Er machte einen Schritt auf sie zu, wie um sein Revier zu markieren.

»Sie sollen verschwinden, habe ich gesagt.«

Vera lächelte.

»Ich bin nicht hier, um einen Kommentar von Ihnen zu erhalten. Ich bin hier, weil ich Ihnen ein Alibi geben kann«, sagte sie gelassen.

Irgendetwas schien sich in Bratt zu lösen. Er stellte seine Tasche ab.

»Was haben Sie gesagt?«

»Sie haben eine Vergewaltigungsklage am Hals und sich mit Ihren haltlosen Ausflüchten in der Presse gewaltig in die Nesseln gesetzt. Niemand glaubt Ihnen. Aber ich weiß, dass Sie unschuldig sind. Jedenfalls, was diese Vergewaltigung betrifft. Und ich kann es beweisen.«

Bratt sah sie skeptisch an.

»Überzeugen Sie sich selbst«, sagte sie.

Vera nahm den grünen Fujifilm-Umschlag aus ihrer Handtasche, den Jonnys Kompagnons gestern Nacht in ihren Briefkasten gesteckt hatten, und zog das Foto von der wilden Party heraus, die Bratt am zweiten Juni im Clubheim der Motorradrocker gefeiert hatte. Es zeigte eine nackte Frau, vermutlich eine Stripperin, die sich über den Billardtisch beugte, während Bratt sich mit heruntergelassener Hose, die Boxershorts unten auf den Knöcheln, von hinten an ihr Gesäß presste. Das Gesicht verzerrt und verschwitzt.

»Kommt Ihnen das bekannt vor?«

Bratt trat einige Schritte auf sie zu und musterte die Aufnahme. Die Sonne spiegelte sich auf dem glänzenden Fotopapier.

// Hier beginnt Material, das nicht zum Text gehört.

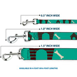 Dog Leash - Dog House & Bone Turquoise/Brown
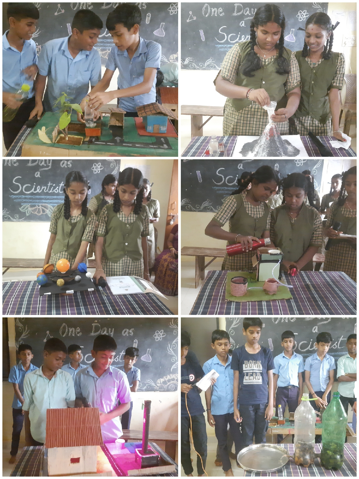ವಿದ್ಯಾರ್ಥಿಗಳು ವಿಭಿನ್ನ ವಿಜ್ಞಾನಿಕ ತಜ್ಞರ ಪಾತ್ರವನ್ನು ವಹಿಸಿ ಪ್ರಹಸನಗಳನ್ನು ಮಾಡಿದರು, ವೈಜ್ಞಾನಿಕ ಉಪಕರಣಗಳನ್ನು ಬಳಸುವ ತರಬೇತಿ ಪಡೆದರು. ಲ್ಯಾಬೊರೇಟರಿ ಪರೀಕ್ಷೆಗಳು, ಸರಳ ವಿಜ್ಞಾನ ಪ್ರಾಯೋಗಿಕ ತೋರಿಕೆಗಳು, ಮಾದರಿ ತಯಾರಿಕೆ ಮತ್ತು ಹೊಸ ಆವಿಷ್ಕಾರಗಳ ಪರಿಚಯದ ಮೂಲಕ, ವಿಜ್ಞಾನ ಕ್ಷೇತ್ರದ ಮಹತ್ವವನ್ನು ತಮ್ಮ ಅನುಭವದ ಮೂಲಕ ಅರಿತುಕೊಳ್ಳುವಂತಾಯಿತು.
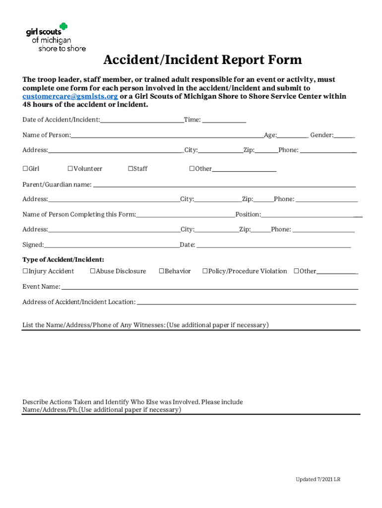 Get the free Accident/Incident Report Form - Girl Scouts San Diego
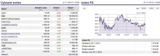 Nedařilo se především akciím Komerční banky, která byla nejobchodovanější emisí na burze a zlevnila o 2,60 % na 4 466 Kč. Ztrácela však i těžařská NWR (-1,50 %) a po zveřejnění výsledků za třetí čtvrtletí i znojemská firma Pegas Nonwovens (-1,37 %). Ve třetím čtvrtletí vzrostly tržby mírně na 47,9 milionu EUR (+0,1 % meziročně), zisk EBITDA ale výrazně klesl o 22,2 % na 8,8 milionu EUR. Dokonce i pesimistické odhady mluvily jen o poklesu o zhruba 18 %. Čistý zisk dosáhl 2,3 milionu EUR.
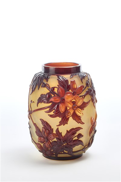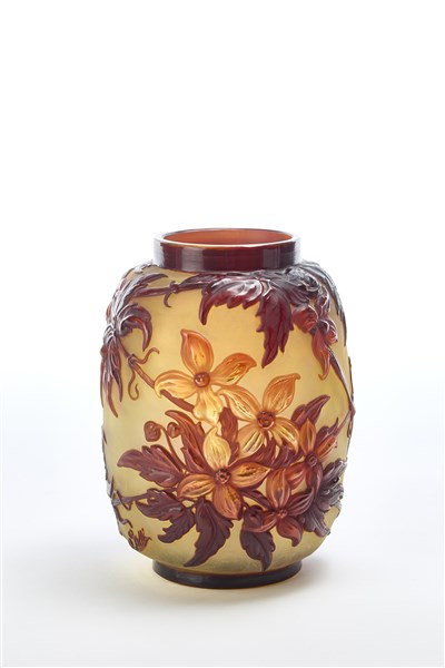 Gallé "Clématis" Vaso in vetro a cammeo soffiato in stampo e profondamente incis
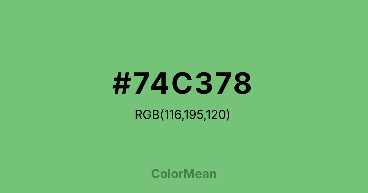 #74C378 RGB value is (116, 195, 120). The hex color red value is 116, green is 195, and blue is 120. Its HSL format shows a hue of 123°, saturation of 40 percent, and lightness of 61 percent. The CMYK process values are 41 percent, 0 percent, 38 percent, 24 percent.

Er schirmte seine Augen mit der Hand ab und blinzelte.

»Sie scheinen mit einer Art Paarungsakt beschäftigt zu sein. Sie sehen aus wie zwei Köter«, sagte Vera.

Sie drehte das Foto um.

»Aber wo Sie Ihren Schwanz haben, ist unwichtig. Das Wichtige ist der Datumstempel hier unten in der Ecke. Dieses Foto wurde am zweiten Juni um elf Uhr abends im Clubheim des Odin MC aufgenommen. Zur selben Zeit, als dem Artikel im Aftonbladet zufolge die Vergewaltigung stattgefunden haben soll. Was bedeutet, dass Sie unschuldig sind.«

Bratt sah sie verblüfft an. Als könnte er das Ereignis nicht mit seiner Erinnerung in Einklang bringen.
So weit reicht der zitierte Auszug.